Evaluation metrics within GTB are robust, integrating measures such as GTB-Score, Mean Generation Errors (MGE), Mean Path Length (MPL), and accuracy metrics (Top-0, Top-1, and Top-5 Accuracy). These metrics collectively provide a comprehensive understanding of an LLM's efficiency and accuracy in planning tasks.
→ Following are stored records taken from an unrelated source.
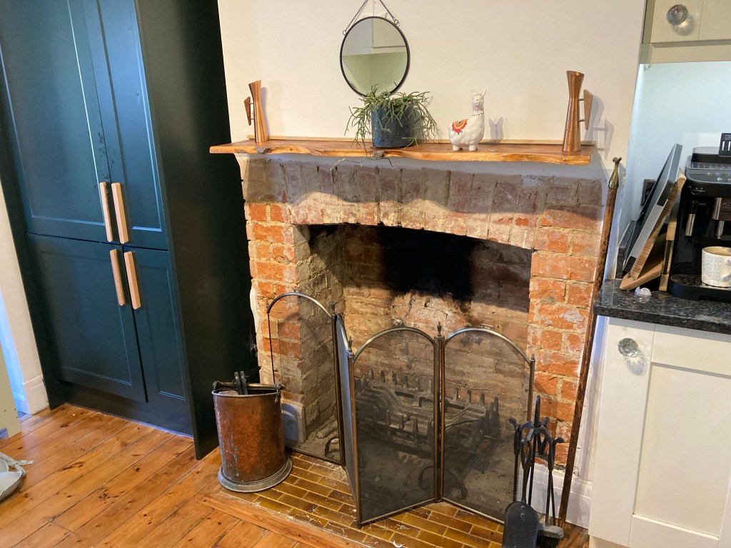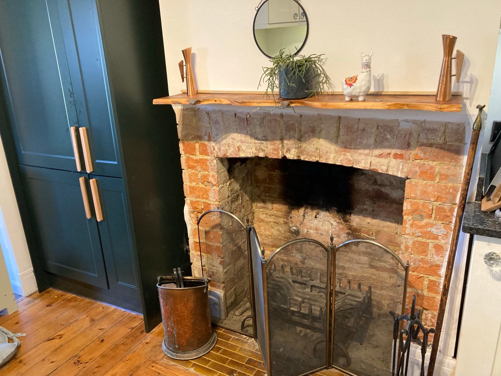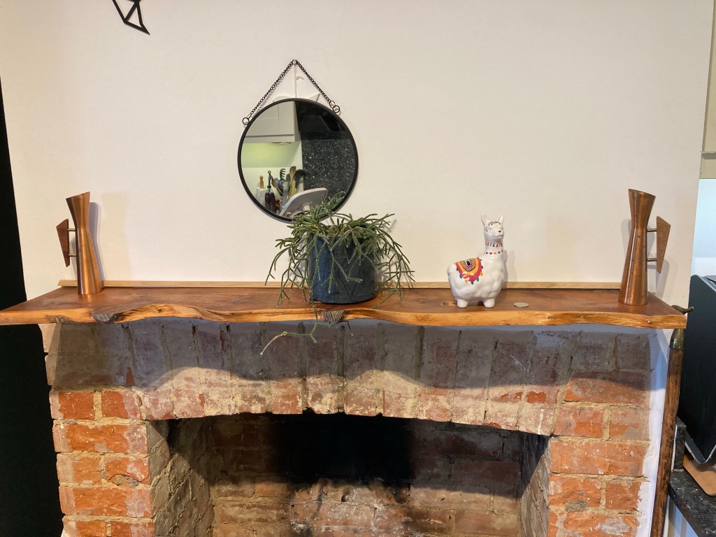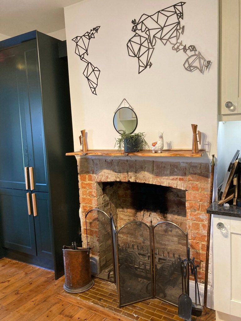 For the eagle-eyed this wooden mantlepiece may look familiar. It was the windowsill in my old bathroom. I had sanded and cut to fit the space- https://coolupcycled.com/2021/05/31/bathroom/ Upcycled. Used again as a floating mantelpiece with some brackets.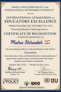 حصلت شحادة على الجائزة التي تمنحها كل من World Education Policy وInternational Internship University تقديرًا لإسهاماتها البارزة في تطوير التعليم وتمكين المعلمين والطلاب على حد سواء.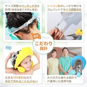 【顔と耳が濡れない】顔の前に水が流れないバックサイド排水設計を採用しており、水が怖いお子さんでも安心して使用頂けます。また2段階で位置を調整出来る耳当ても付いていて耳の中に水が入る心配もありません。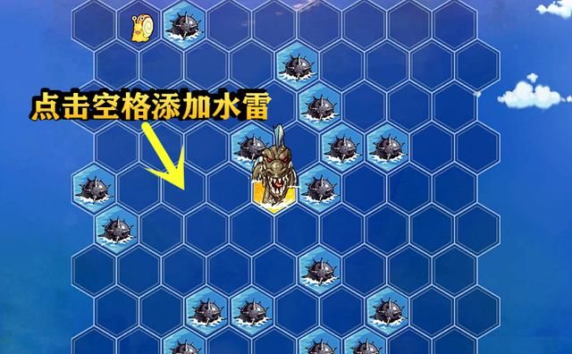 在一个类似于棋盘的海域中,会有一头海兽,每局开始这个海兽的周围会随机落下一些水雷,然后玩家可以点击周遭的空格子来添加自己的水雷,只要将这个海兽围困起来,最终无路可走被炸掉,那我们便取得了胜利。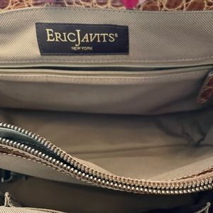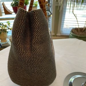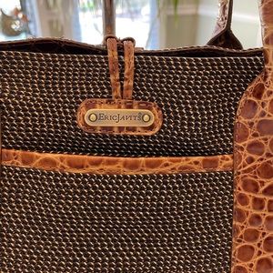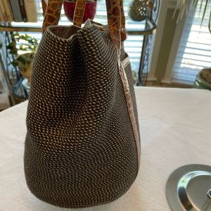 Sophisticated summer bag from designer Eric Javits. Squishee bag with beautiful crocodile accents. This bag is clean and aside from a missing zipper pull (which seems to be common in the model) is in excellent condition. Measures 14”x9”x7” with a 9” drop of the handles.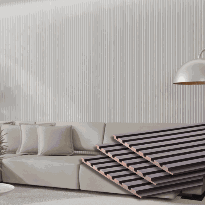 Painel usinado com base em MDF de 9mm, revestido em uma das faces com Laminado PET. Produto de alta tecnologia e de fácil aplicação. Modelo Frieze é produzido com linhas mais estreitas e próximas uma das outras, cada painel possui 8 ripas com largura de 3cm, e as canaletas com largura de 2,5cm. Vide desenho tecnico.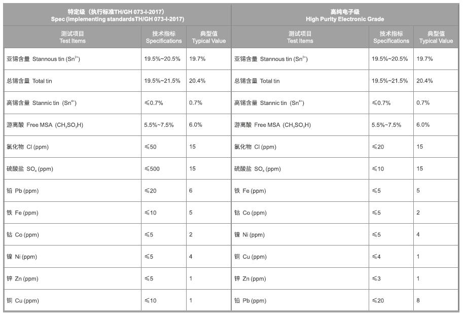 錫含量高,游離酸含量低,有機雜質及金屬雜質含量低;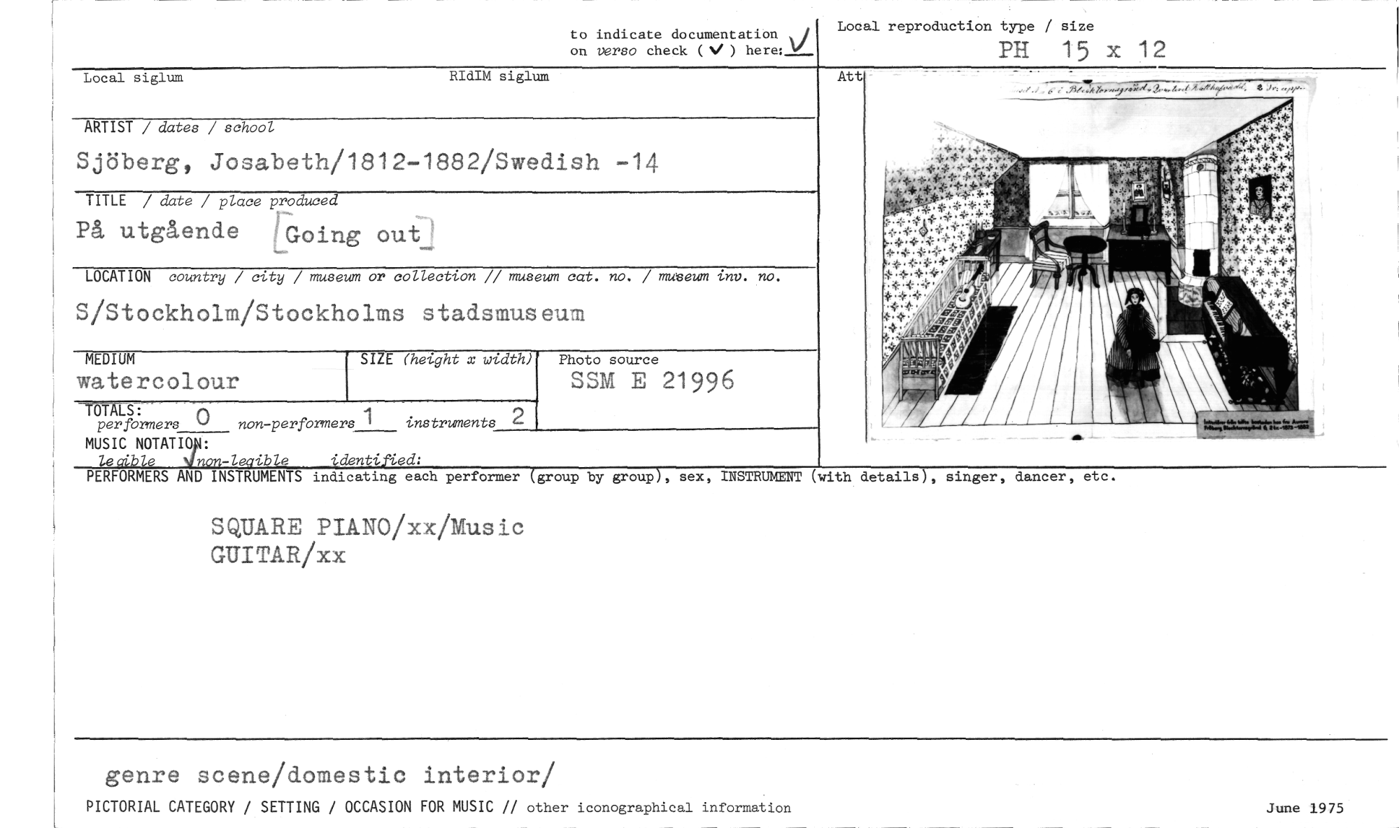 //// to indicate documentation //// on verso check (V) here:__ //// Local reproduction type / size //// PH 15 x 12 //// Local siglum RIdIM siglum //// ARTIST / dates / school //// TITLE / date / place produced //// På utgående Going out, //// S/Stockholm/Stockholms stadsmuseum //// SIZE (height x width) //// per formers () non-performers 1 instruments //// MUSIC NOTATION: //// leuibie Ninon-leaible identified: //// PERFORMERS AND INSTRUMENTS indicating each performer (group by //// SQUARE PIANO/xx/Music GUITAR/xx //// Att //// group), sex, INSTRUMENT (with details), singer, dancer, etc. //// MEDIUM //// watercolour //// Sjöberg, Josabeth/1812-1882/Swedish -14 //// LOCATION country / city / museum or collection // museum cat. no. / museum inv. no. //// Photo source //// SSM E 21996 //// genre scene/domestic interior/ //// PICTORIAL CATEGORY / SETTING / OCCASION FOR MUSIC // other iconographical information June 1975 ////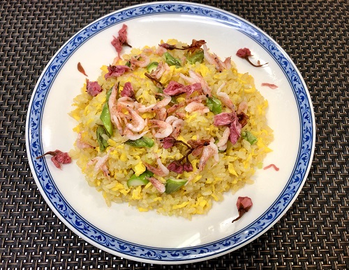 香り高い桜海老の炒飯に桜の花を添えた春らしいメニューです。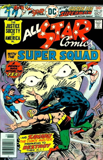 WHEN FALL THE MIGHTY Kent Nelson lies at death's door. The Justice Society of America are desperate to save Nelson's life. Doctor Charles McNider instructs the Star-Spangled Kid on using his cosmic rod to enervate Nelson's cells with solar energy. The treatment seems to stabilize Nelson's condition. An ankh appears on the medical monitors, which the team interprets as some kind of message from Nelson. The Golden Age Green Lantern relays the tale of how the wizard Nabu trained Nelson in the mystic arts. Training that led to Nelson taking on the mantle of Doctor Fate. The Golden Age Green Lantern opts to fly to Egypt, in the hopes of finding some solution that will save Nelson. The Golden Age Flash volunteers to go with him.Acting on ill feelings, the Golden Age Hawkman returns to Gateway City, to check on his wife. In the private museum of Carter Hall, Doctor Arthur Kliburn searches for Hall's latest acquisition, an ancient Lemurian, Zanadu, preserved in a block of amber.Kliburn finds the amber pooled on the floor, moments before he is killed by Zanadu. Investigating Kliburn's screams, Shiera Sanders finds Zanadu standing over Kliburn's horribly burned body. Hurling a piece of priceless pottery at Zanadu, Sanders turns to run. Zanadu stops time, then teleports away with Sanders, leaving behind their glowing afterimage. At the hospital, the strain of waiting finds Power Girl bickering with Wildcat, while Hourman shakes his head in disgust at both of them.Discovering Klyburn's body, as well as the afterimages of his wife and Zanadu, the Golden Age Hawkman activates his signal device, summoning the Justice Society of America to him. With the day's business completed, Daily Star editor, Clark Kent, decides to answer the summons, as the Golden Age Superman. At a bazaar in Egypt, a mysterious robed man barters for an elixir that will allow him to travel through time. The seller offers to trade the elixir for the man's horse. Refusing to part with his horse, the man opts on another course of action.The...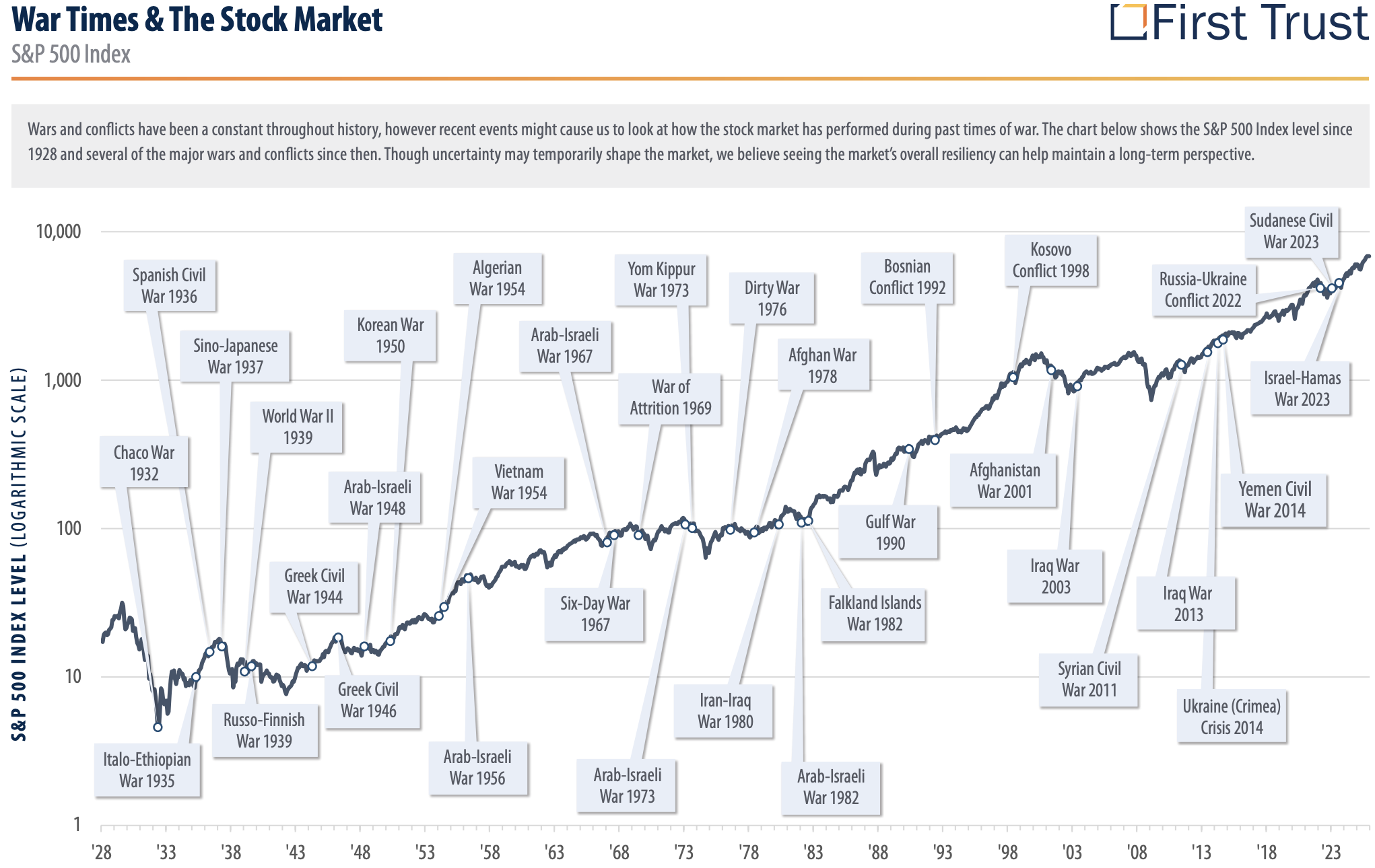 The chart above plots the S&P 500 on a logarithmic scale from 1928 through 2023, annotated with every major war and conflict along the way. World War II, Korea, Vietnam, the Gulf War, Afghanistan, Iraq, and the recent conflicts in Ukraine and Israel. Through all of them, the long term trajectory of the market has been overwhelmingly upward.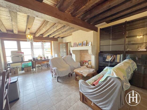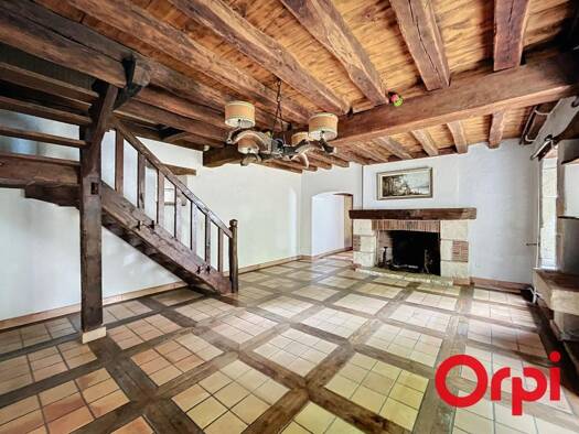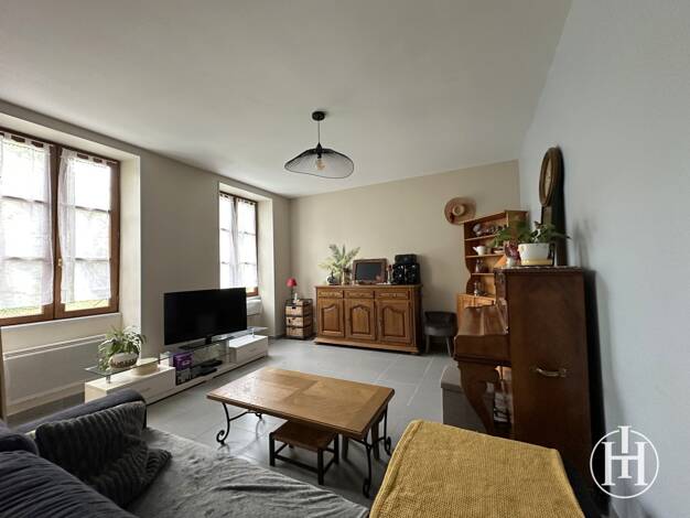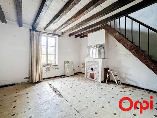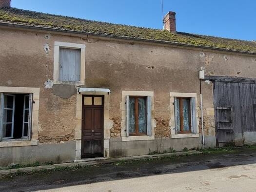 Référence: 2421 Au coeur du village, maison de bourg avec quelques travaux se composant d'un séjour avec cuisine ouverte, de deux chambres, un garage, une salle d'eau et WC indépendant ainsi qu'une g...

Baseline and State-of-the-Art Evaluations

The research evaluates a variety of LLMs on the GTB, with GPT-4-Turbo emerging as the leading performer among traditional LLMs yet achieving a GTB-Score of only 44.97%. GPT-4-Turbo garnered higher scores by generating fewer errors and producing shorter paths compared to its counterparts. However, its performance, like others, remains below 50%, underscoring the substantial challenge posed by the benchmark.

The paper also offers preliminary insights into the capabilities of large reasoning models (LRMs) such as o1, which achieved a GTB-Score of 67.84%. Despite surpassing traditional LLMs, the results suggest that current LLMs, even at their best, have significant room for improvement in planning tasks as defined by GTB.

Implications and Future Directions

GTB introduces a promising framework for evaluating LLMs' planning abilities, but it also opens new avenues for future research. There is potential for enhancing LLM performance on GTB through fine-tuning and investigating the generalization capabilities of fine-tuned models on unseen benchmarks. Future iterations of GTB could integrate dynamic elements, such as moving obstacles or enemies, to further challenge the planning faculties of LLMs. Moreover, exploring variable prompts tailored to LLM capacities could yield insights into optimizing their planning efficiency.

The research, while novel and challenging, encourages a larger conversation about the broader applicability of LLM technologies. By rigorously assessing LLMs in non-traditional domains like game traversal, GTB pushes the boundaries of what is currently achievable and sets a high bar for the development of more versatile and capable AI systems.

Conclusion

The GameTraversalBenchmark represents a significant step in evaluating and understanding the planning capabilities of LLMs. By providing a rigorous and diverse testing ground, this benchmark highlights current limitations and facilitates the development of more advanced LLMs, ultimately contributing to the evolution of general AI models. As research continues, exploring these frontiers will undoubtedly reveal new insights and drive innovation in AI planning capabilities.